Sheriff Frank Littlefield hates the red church for a different reason. His little brother died in a freak accident at the church twenty years ago, and now Frank is starting to see his brother's ghost. And the ghost keeps demanding, "Free me." People are dying in Whispering Pines, and the murders coincide with McFall's return.
The Days, the Littlefields, and the McFalls are descendants of the original families that settled the rural Appalachian community. Those old families share a secret of betrayal and guilt, and McFall wants his congregation to prove its faith. Because he believes he is the Second Son of God, and that the cleansing of sin must be done in blood.

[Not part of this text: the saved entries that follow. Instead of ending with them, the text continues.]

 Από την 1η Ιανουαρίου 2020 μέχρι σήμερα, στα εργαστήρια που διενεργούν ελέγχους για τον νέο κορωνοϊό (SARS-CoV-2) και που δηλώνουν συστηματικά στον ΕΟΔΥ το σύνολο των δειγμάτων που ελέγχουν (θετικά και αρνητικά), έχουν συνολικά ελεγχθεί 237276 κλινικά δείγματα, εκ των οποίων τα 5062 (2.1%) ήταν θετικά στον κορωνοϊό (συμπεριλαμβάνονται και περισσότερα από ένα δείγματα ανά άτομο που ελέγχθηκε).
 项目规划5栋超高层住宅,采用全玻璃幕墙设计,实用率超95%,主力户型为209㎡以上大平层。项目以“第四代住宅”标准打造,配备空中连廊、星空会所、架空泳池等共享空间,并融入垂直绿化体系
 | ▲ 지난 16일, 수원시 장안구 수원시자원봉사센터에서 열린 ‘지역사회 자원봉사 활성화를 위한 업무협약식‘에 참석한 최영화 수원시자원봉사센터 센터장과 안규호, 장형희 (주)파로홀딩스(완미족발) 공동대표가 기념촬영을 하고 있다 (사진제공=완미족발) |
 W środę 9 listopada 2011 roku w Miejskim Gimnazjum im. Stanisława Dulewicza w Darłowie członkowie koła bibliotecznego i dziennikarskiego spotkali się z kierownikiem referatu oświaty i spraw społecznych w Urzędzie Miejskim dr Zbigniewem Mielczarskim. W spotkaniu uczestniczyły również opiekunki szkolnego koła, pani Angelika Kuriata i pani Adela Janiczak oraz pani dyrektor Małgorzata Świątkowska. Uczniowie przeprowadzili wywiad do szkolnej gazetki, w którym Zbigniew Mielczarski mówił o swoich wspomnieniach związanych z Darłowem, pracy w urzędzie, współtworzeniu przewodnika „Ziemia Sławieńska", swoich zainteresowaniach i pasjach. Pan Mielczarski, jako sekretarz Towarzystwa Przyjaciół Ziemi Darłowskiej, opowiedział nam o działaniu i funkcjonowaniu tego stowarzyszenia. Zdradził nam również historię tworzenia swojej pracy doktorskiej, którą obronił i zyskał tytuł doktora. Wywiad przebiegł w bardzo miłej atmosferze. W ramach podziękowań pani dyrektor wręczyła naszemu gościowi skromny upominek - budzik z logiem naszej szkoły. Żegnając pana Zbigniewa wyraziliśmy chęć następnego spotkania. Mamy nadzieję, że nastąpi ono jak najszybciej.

"Sacrifice is the currency of God," McFall preaches, and unless Frank and Ronnie stop him, everybody pays.
Burial to Follow
Author: Scott Nicholson
Publication: Haunted Computer Books (December 22, 2009)

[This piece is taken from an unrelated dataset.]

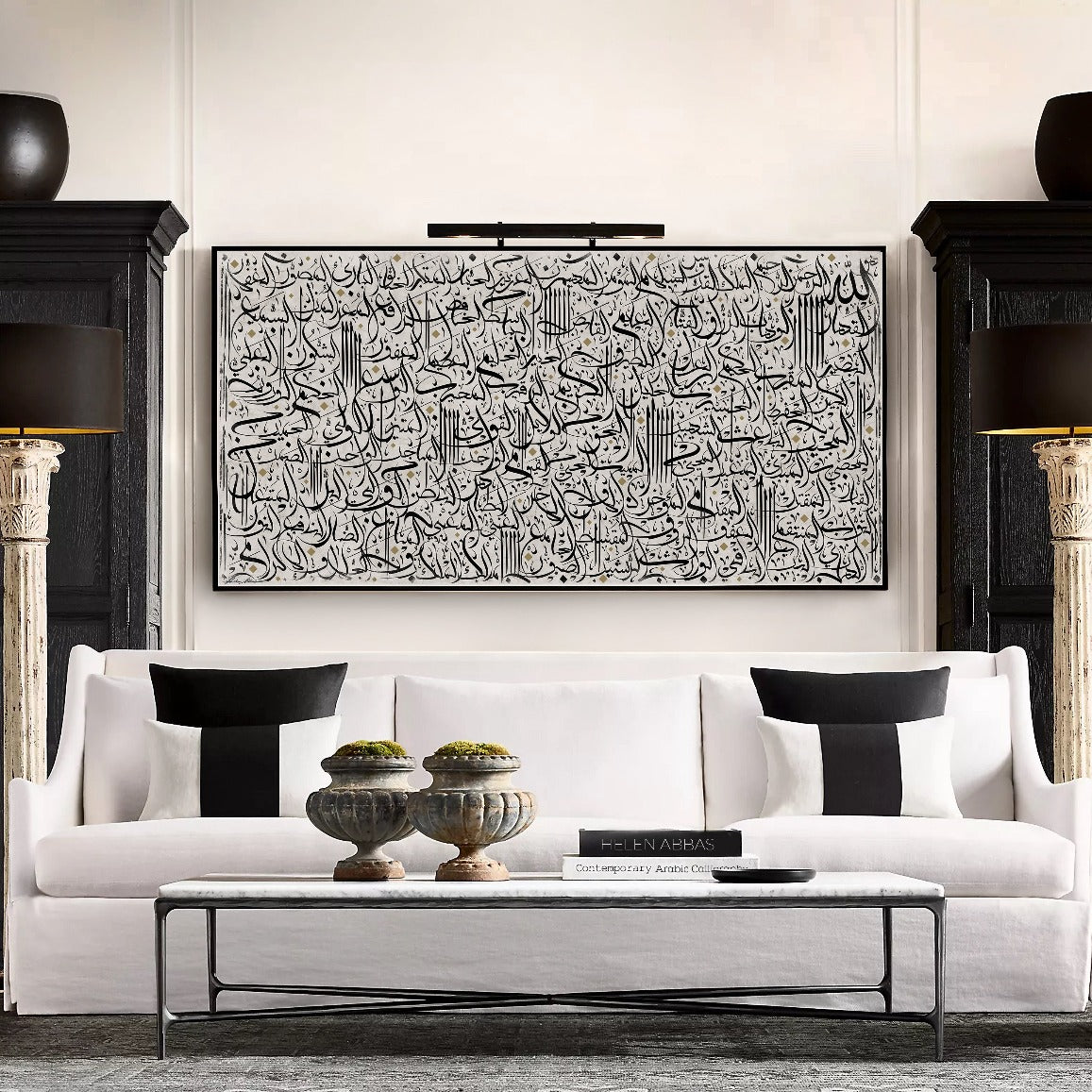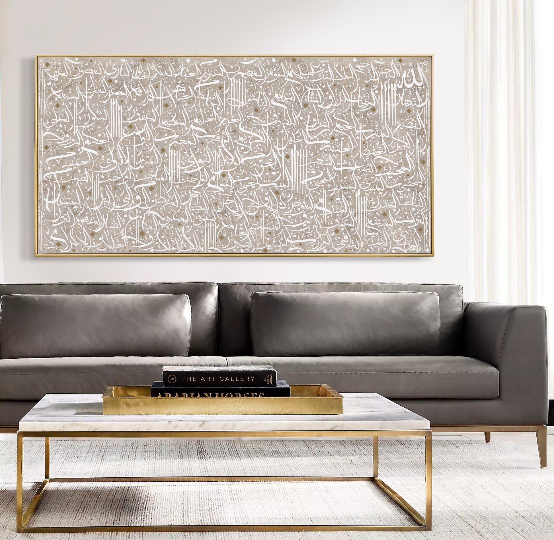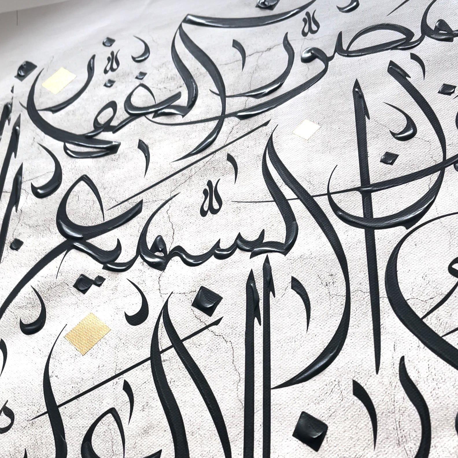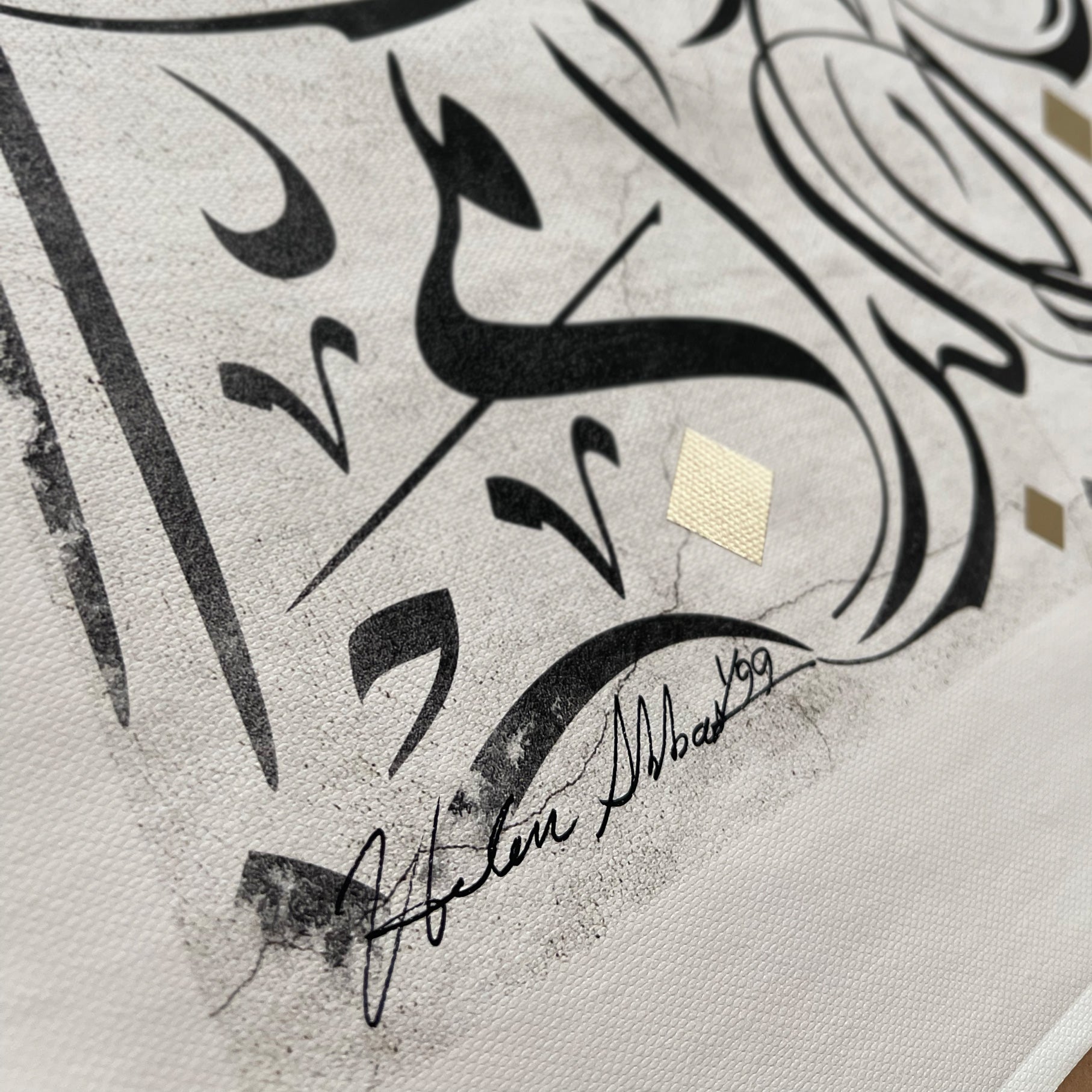 Bold and visually arresting, the artwork use hand-crafted script in beautiful swathes and confident strokes. On these canvases, hand applied gold ink overlays provide a rich embellishment. With an eye to both tradition and modernity.

Description: When Jacob Ridgehorn dies, it's up to Roby Snow to make sure his soul goes on to the eternal reward. The only way Roby can do that is convince the Ridgehorn family to eat a special pie. Lurking in the shadows is a mysterious figure named Johnny Divine, monitoring the crossroads between the living and the dead. Southern Appalachian funeral customs get crossed when Roby has to perform miracles...or else.
My Thoughts: These are two books by an author who made my blog one of the stops on his current blog tour. I read almost no horror and hadn't tried his books before. These were purchased for my Kindle.
Burial to Follow was an interesting story. It was filled with Southern funeral detail and vivid descriptions. For example, "Harold stuck close to her, like a dog following a bucket of chicken guts." From the mundane, the story segued into a horror story. While I didn't completely understand what was going on, apparently Roby made a deal with the devil in return for his life and now has to make sure that all the mourners at a death eat some of a special pie which was made by a woman who had made her own deal with the devil.
The Red Church was longer and didn't really manage to engage my attention or interest. I'll admit I skimmed the last quarter of the book. It was told from the viewpoint of a sheriff and of a 13-year-old boy. It dealt with ancient curses and a weird religious cult that included cannibalism. This preacher has returned from the dead to preach his new religion which involves sacrifice of the old families who were involved in the hanging of another preacher.
Both of these were OK if you like horror and ghost stories. I preferred Burial to Follow. They both had some creepy moments interspersed with a lot of detail about the way of life in isolated areas of the Appalachians. I would recommend them only to lovers of horror who like their books to have a slow pace.